About to go away and investigate ASP.NET HttpModules/Handlers... I guess it would also require xgettext or equivalent to be able to locate these marked strings in the project source.

danielcrenna · 2013-01-31T21:49:34Z

I tried that in the beginning by using the CodeDom and actually parsing out
_("") symbols in the code. It worked reasonably well but I switched to
xgettext to avoid having to reinvent all the parsing logic once I had the
symbols.

The idea to intercept incoming HTTP traffic is a creative one. If it's
practical to do that then we don't even need to provide dummy classes that
pretend to be real DataAnnotations. Though for the server side we might
have to resort to private reflection if we want to intercept the real
annotations. All very cool ideas. Maybe add them as possible features for
the 2.0 bucket.

It might be a lot of effort, but I can see the value of not having to think
about anything usage wise beyond using the alias.

On Thu, Jan 31, 2013 at 4:16 PM, Martin Connell notifications@github.comwrote:

I've been trying to work out how to localize DataAnnotations,
jQuery.validation stuff etc. and had an idea:

Is there scope in i18n for general processing of the HTTP response output
and making translation there. E.g. we could scan for msgids wrapped in some
markers like ###Translate me!###, lookup any corresponding message and, if
found, swap it in.

Maybe this has already been thought of, or is not practical?
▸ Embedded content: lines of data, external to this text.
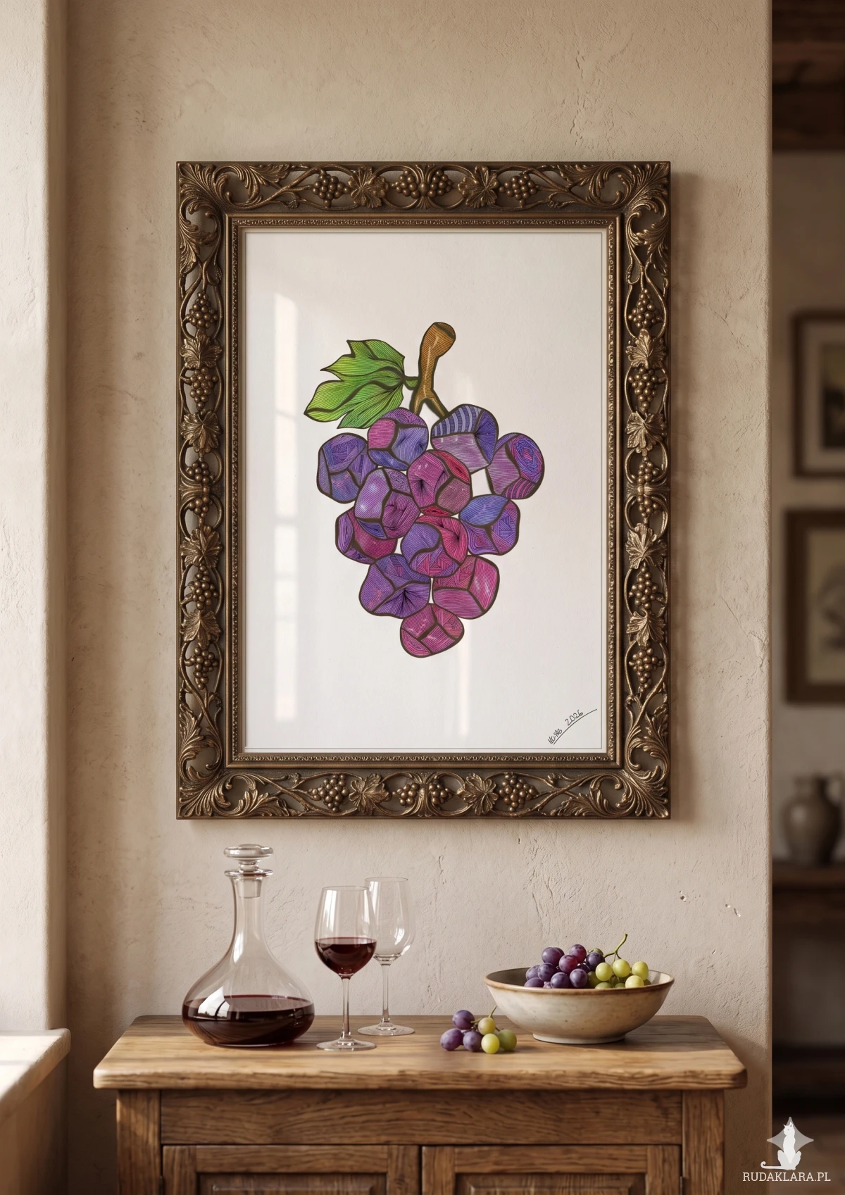 Dekoracyjna grafika przedstawiająca kiść winogron.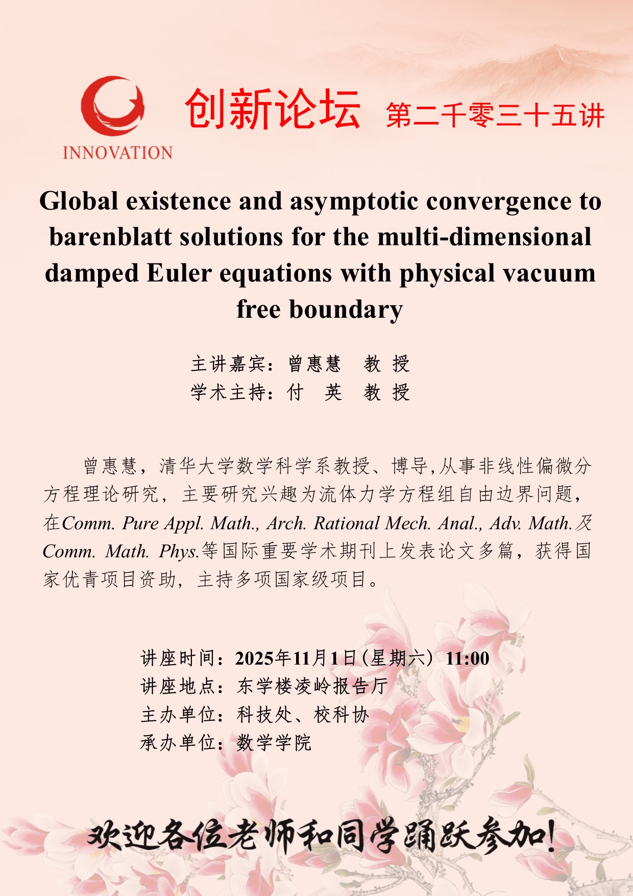 曾惠慧 教 授 bat365正版唯一官网创新论坛第二千零三十五讲:Global existence and asymptotic convergence to barenblatt solutions for the multi-dimensional damped Euler equations with physical vacuum free boundary 讲座时间 2025年11月1日(星期六) 11:00 讲座地点 东学楼凌岭报告厅 讲座人介绍 曾惠慧 教 授 讲座内容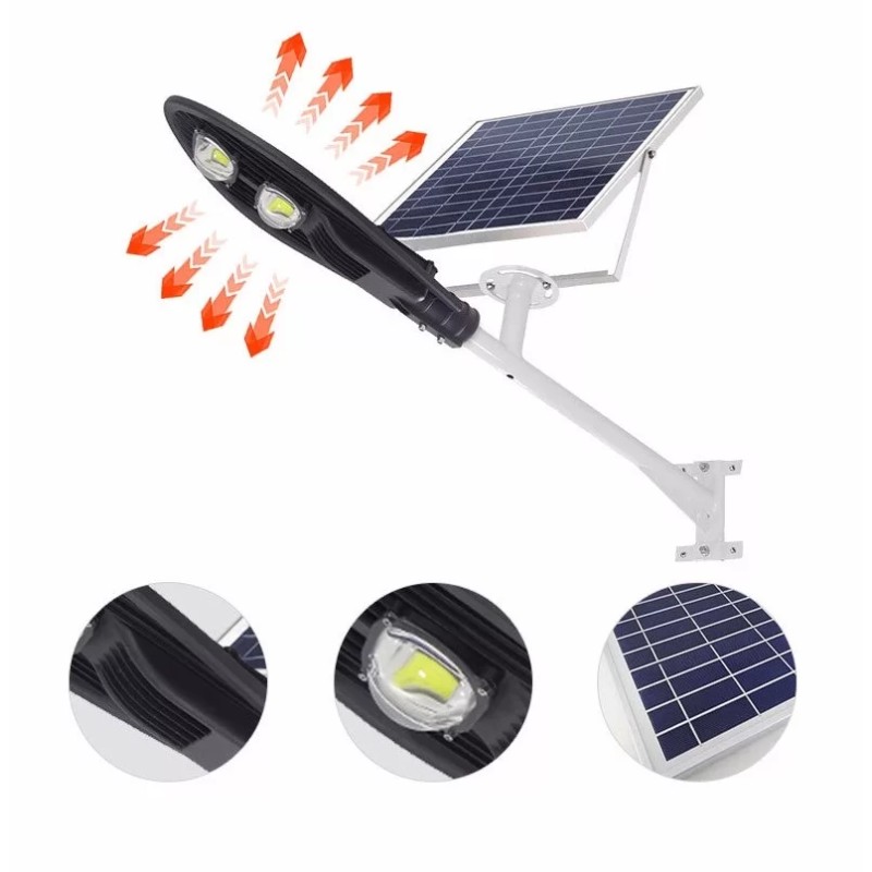 - Bộ sản phẩm gồm: Khung gắn giá đỡ + đèn + tấm pin + remote

About to go away and investigate ASP.NET HttpModules/Handlers... I guess
it would also require xgettext or equivalent to be able to locate these
marked strings in the project source.

—
Reply to this email directly or view it on GitHubhttps://github.com//issues/37
.

turquoiseowl · 2013-02-01T15:52:23Z

First attempt at doing this:

69f4d19

It's been working well so far with early testing. An HttpModule needs to be installed in web.config like this:

          <system.webServer>
            <modules>
              <add name="i18n.LocalizingModule" type="i18n.LocalizingModule, i18n" />
            </modules>
          </system.webServer>

Uses regex to lookout for 'nuggets' in the html or javascript matching the pattern:

[[[Translate me!]]]

If found, extracts the msgid from within the braces and replaces the entire nugget with the result of a GetText call.

Outstanding issues on which I'd welcome input:

Best way to parse these nuggets in the javascript and .cs files?
Resources subject to this translation and that are outside of our route localization (e.g. javascript files) will need their URL patched to reflect the language.
Best choice of markers. Originally I went for «««User Name»»» which I like, but not so easy to type in, so went for the braces. Used 3 braces to avoid problems with double brace in CDATA... Haven't gone for curly braces because...
Whether and how to include formatting options. E.g.

[[[Hello {0}, you last visited {1} {2} ago||{Fred}{10}{days}]]]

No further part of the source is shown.